The S&P/ASX 200 has charged back through 5,500, putting last week's wobbles behind it.

US stocks are back on the up too, last week the S&P 500 enjoying its biggest climb in five months.

Step right up, Foolish investors. This bull market has some legs yet…

No surprises as far as I'm concerned.

I may sound like a broken record, but with interest rates so low, by comparison, shares paying fully franked dividends look attractive.

That said, not all stocks are created equal.

Take JB Hi-Fi Limited (ASX: JBH) for example. Yesterday its shares fell nearly 8% after the retailer revealed same-store sales slumped 5.5% in July, and forecast lacklustre growth prospects for the year ahead.

It seems consumers have stopped buying tablet computers, happy to keep using their existing products rather than upgrade. Count me in that group. My iPad2 is still going strong, whatever its retina display.

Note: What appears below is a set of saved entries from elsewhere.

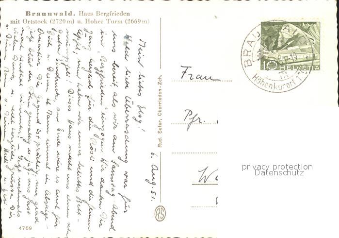 11631860 alte Postkarte Braunwald GL Haus Bergfrieden mit Ortstock und Hoher Turm Glarner Alpen postalisch gelaufen Erhaltung siehe scans KatCode: 11470090300864
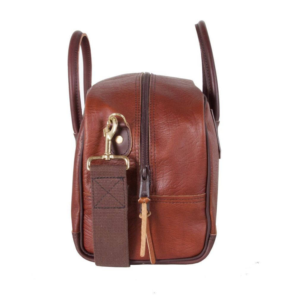 Duluth Pack's 18 Liter Capacity Doctor's Weekend Bag is the perfect companion for your short trips, combining style and functionality. Crafted from thick premium bison leather, this bag not only showcases a rugged elegance but also ensures durability for your travel essentials.
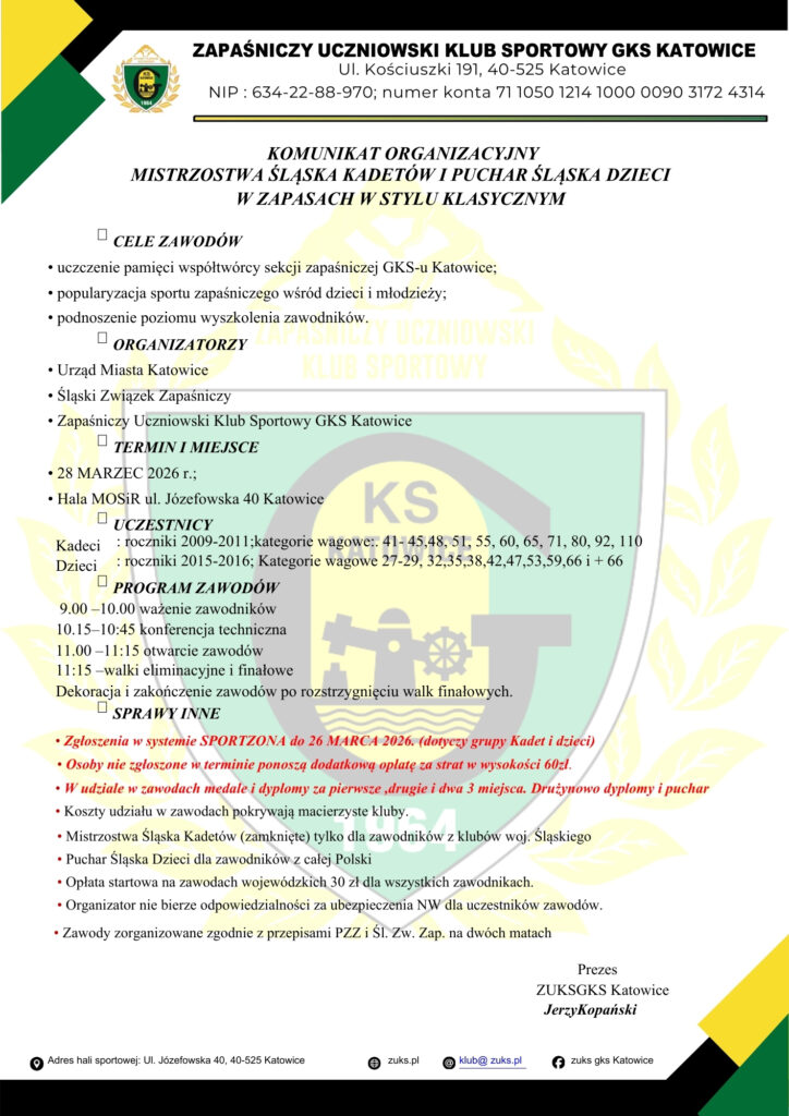 28 marca 2026 r. w Hali MOSiR przy ul. Józefowskiej 40 w Katowicach odbyły się Mistrzostwa Śląska Kadetów oraz Puchar Śląska Dzieci w zapasach w stylu klasycznym.
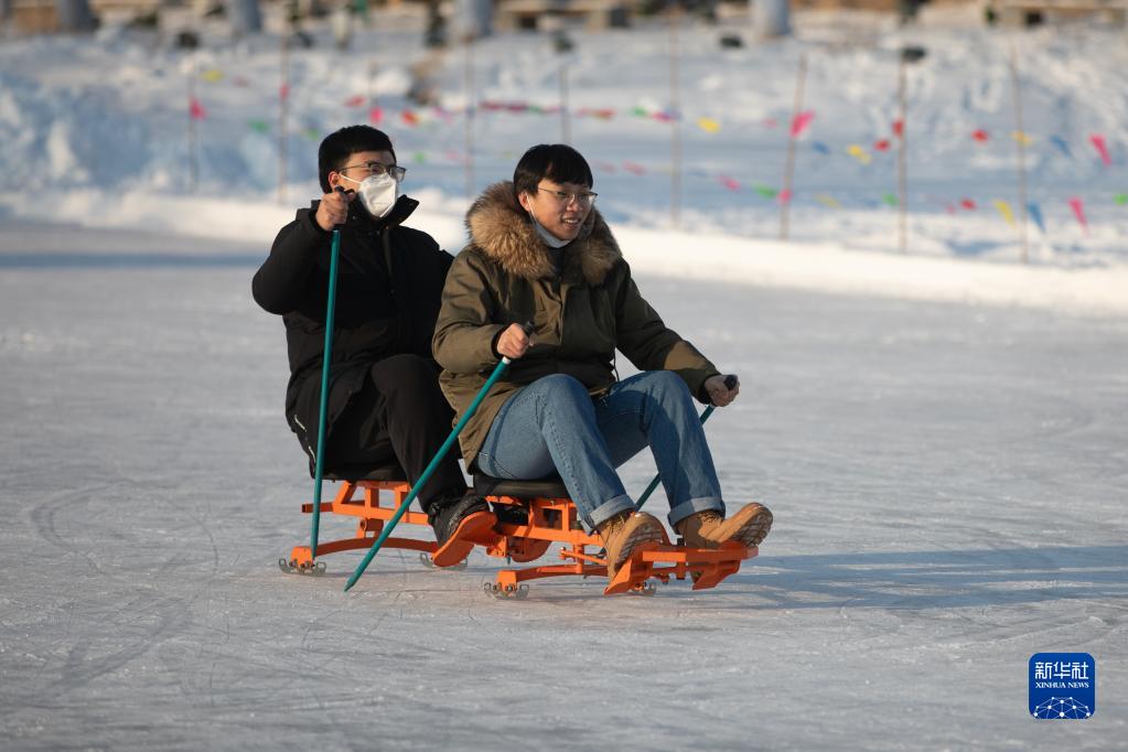 當日,許多市民和游客來(lái)到第35屆哈爾濱太陽(yáng)島國際雪雕藝術(shù)博覽會(huì )園區游玩,歡度元旦假期。
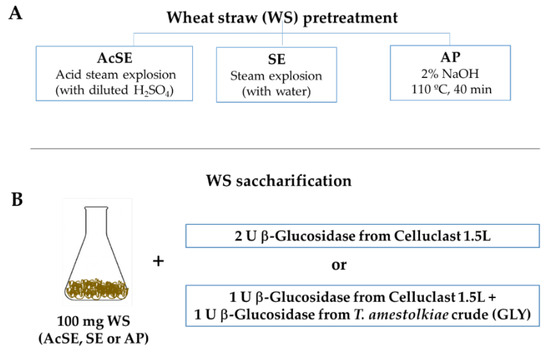 The efficiency of T. amestolkiae enzyme cocktails as β-glucosidase supplements for saccharification was studied. For this, wheat straw subjected to three different pretreatments was used (Figure 1A): (i) acidic wheat straw (abbreviated as AcSE), obtained by steam explosion in the presence of dilute sulfuric acid (kindly provided by Abengoa Bioenergía, Babilafuente, Salamanca); (ii) neutral wheat straw (abbreviated as SE), obtained by steam explosion in the presence of water, also provided by Abengoa Bioenergía; (iii) and alkaline wheat straw (abbreviated as AP), prepared as follows: 5 g of wheat straw was incubated with 100 mL of 2% NaOH for 40 min and 110 °C using an autoclave, the solid material was then washed three times with water, the pH was adjusted to 5 with sulfuric acid, lyophilized, and stored. The composition of AP wheat straw was analyzed by sequential fractionation. In this process, the contents of cellulose, hemicellulose, and Klason lignin were determined through a quantitative acid hydrolysis [17]. In brief, the solid residue (300 mg) was treated for 1 h with 3 mL of 13.5 M sulfuric acid (H2SO4) at 30 °C and 150 rpm. Then, H2SO4 was diluted to 0.5 M and heated at 110 °C for 1 h. Sugars in the liquid fraction were identified and quantified by gas chromatography [18]. The slurry remaining after acid hydrolysis (Klason lignin) was washed until neutrality, oven dried at 55 °C, and weighted. All analyses were carried out in triplicate.
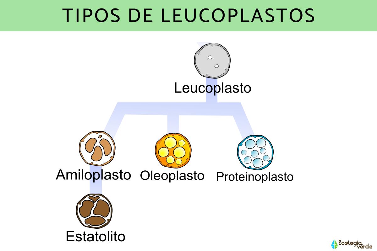Los leucoplastos se clasifican en tres tipos principales según la sustancia que almacenan: amiloplastos, elaioplastos (u oleoplastos) y proteinoplastos.

After its share price fall, JB Hi-Fi trades on a forward P/E of 13 — close to fair value given its modest growth prospects.

Where JB Hi-Fi shares get somewhat interesting is its forecast fully franked dividend yield of 4.7%, or 6.7% when grossed up for franking credits.

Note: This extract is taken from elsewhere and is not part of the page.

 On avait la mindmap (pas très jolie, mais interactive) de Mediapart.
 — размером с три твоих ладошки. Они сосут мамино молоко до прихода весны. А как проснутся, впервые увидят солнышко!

By comparison to term deposit rates, the JB Hi-Fi fully franked dividend yield looks attractive. Problem is, when the shares slump 8% — as they did yesterday — it wipes out the dividend attraction, and more.

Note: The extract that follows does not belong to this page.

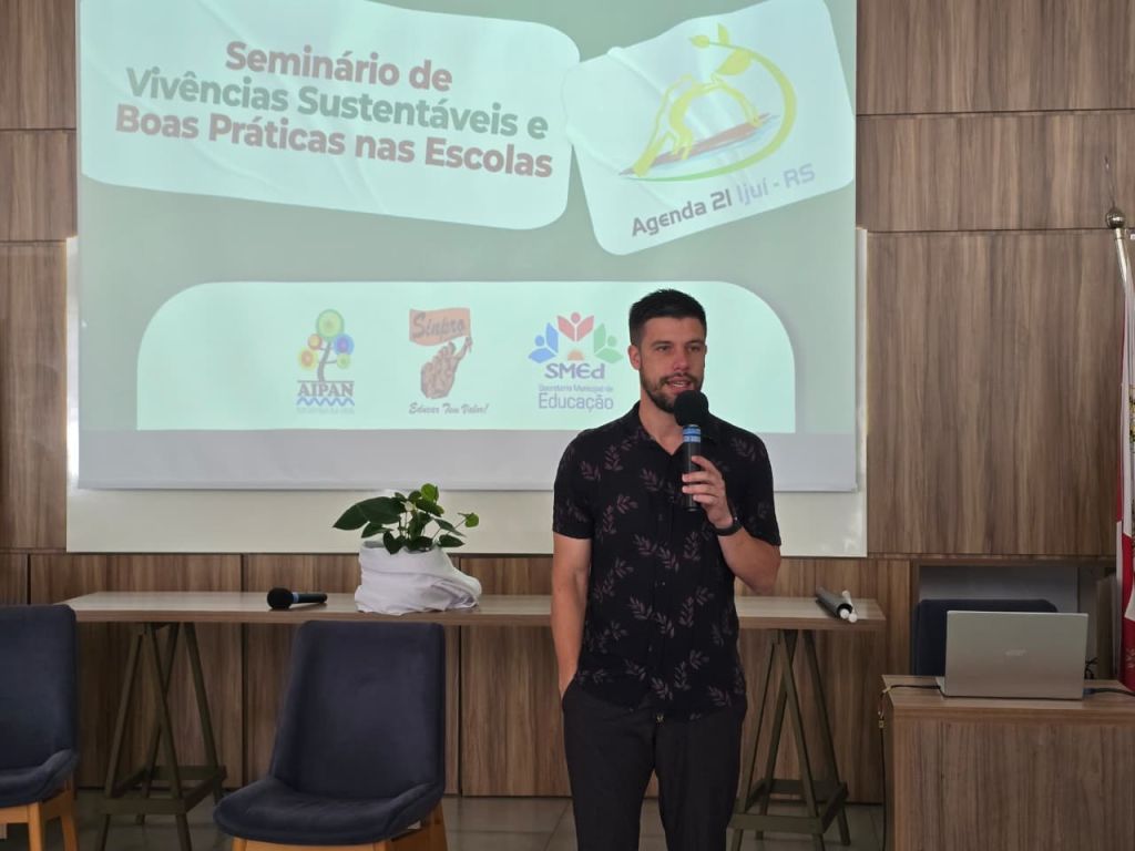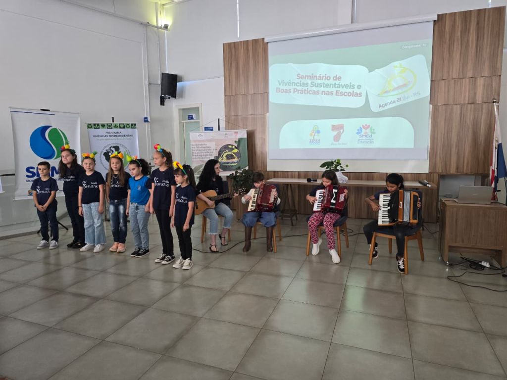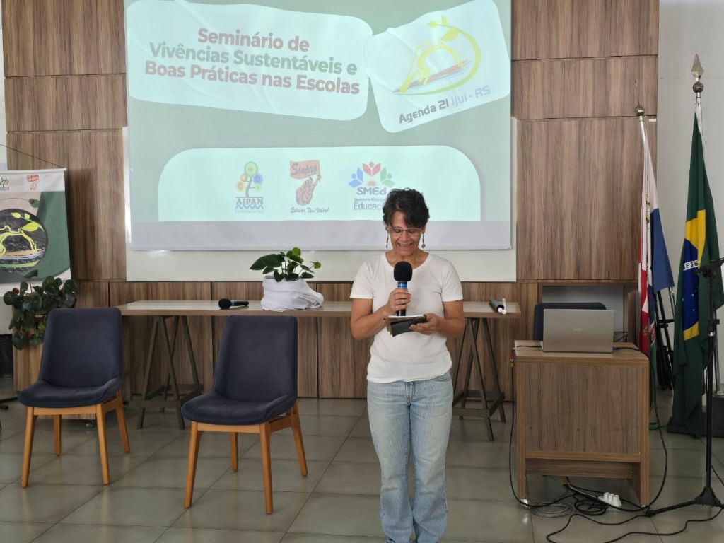 Nesta quinta-feira (11), ocorreu no Salão de Eventos da Unijuí, o Seminário de Vivências Sustentáveis e Boas Práticas nas Escolas. O evento foi promovido pelo Fórum da Agenda 21, em parceria com a Secretaria Municipal de Educação (SMEd), 36ª Coordenadoria Regional de Educação (CRE) e Conselho Municipal de Energia e Meio Ambiente (Consema).
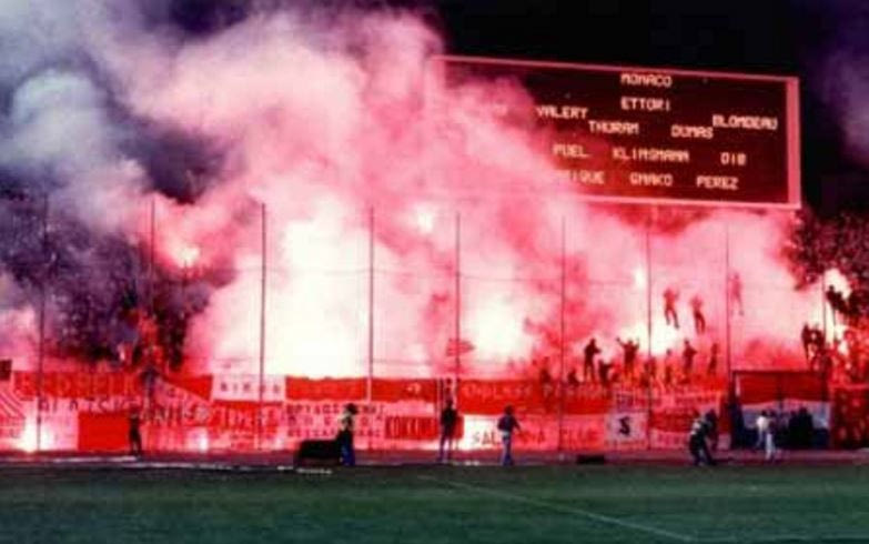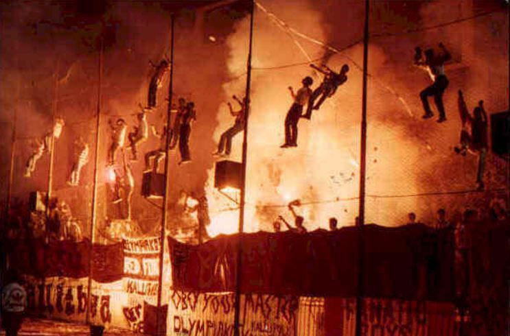 Ο Βενγκέρ περνάει στο ματς Djorkaeff και Fofana και η Μονακό γίνεται ξανά το απόλυτο αφεντικό του ματς. Η πίεση είναι αφόρητη, το σφυροκόπημα ανελέητο. Ο Μύρτσος πασχίζει να απομακρύνει τα σουτ των Μονεγάσκων, είναι σαφές ότι του λείπει η αυτοσυγκέντρωση, παρότι θετικός φοβάται γιατί η εικόνα του ματς μόνο φόβο προκαλούσε. Η Μονακό επιτίθεται και ξαναεπιτίθεται και ο κόσμος αντιλαμβάνεται ότι πρέπει να παρέμβει. Από το 75ο λεπτό κιόλας η εικόνα στην τηλεόραση χάνεται, δύσκολα διακρίνεται η πολύ μεγάλη απόκρουση του Μύρτσου στο σουτ του Blondeau. Καπνοί έχουν καλύψει τον ουρανό του φαληρικού Σταδίου, δεκάδες, ίσως εκατοντάδες καπνογόνα έχουν ανάψει, ο κόσμος φωνάζει άναρθρα, μόνο η ιαχή «Ολυμπιακός-Ολυμπιακός» ξεχωρίζει και οι εκκωφαντικές αποδοκιμασίες κάθε φορά που κάποιος αντίπαλος ελέγχει τη μπάλα.

Speaking of term deposits, yesterday, on behalf of my 87 year old father, I rolled over his term deposit at the princely interest rate of 3.15% for 7 months.

After tax, the uncomfortable truth for him and tens of thousands of other retirees, is term deposits are simply not keeping up with inflation. From a spending power perspective, you are losing money by holding cash.

No wonder then we're witnessing the great dash for yield.

But there is a flip side, as witnessed by JB Hi-Fi's painful share price fall.

Yield-hungry investors have pushed valuations up to levels that don't leave a lot of room for error… meaning there's now a very real chance of capital loss.

To emphasise the point, Bell Potter's Charlie Aitken is telling clients to sell bank stocks, the AFR quoting him as saying…

"There is a monumental private investor overweight in Australian banks and my point today is I simply don't think that bet will work, in terms of generating relative outperformance, from this point. In fact, I think it will generate relative underperformance."

Is it finally time to sell your Australia and New Zealand Banking Group (ASX: ANZ) and Westpac Banking Corp (ASX: WBC) shares?

Australian bank shareholders have never had it so good — capital gains of 50% over the past two years, combined with growing, fully franked dividends.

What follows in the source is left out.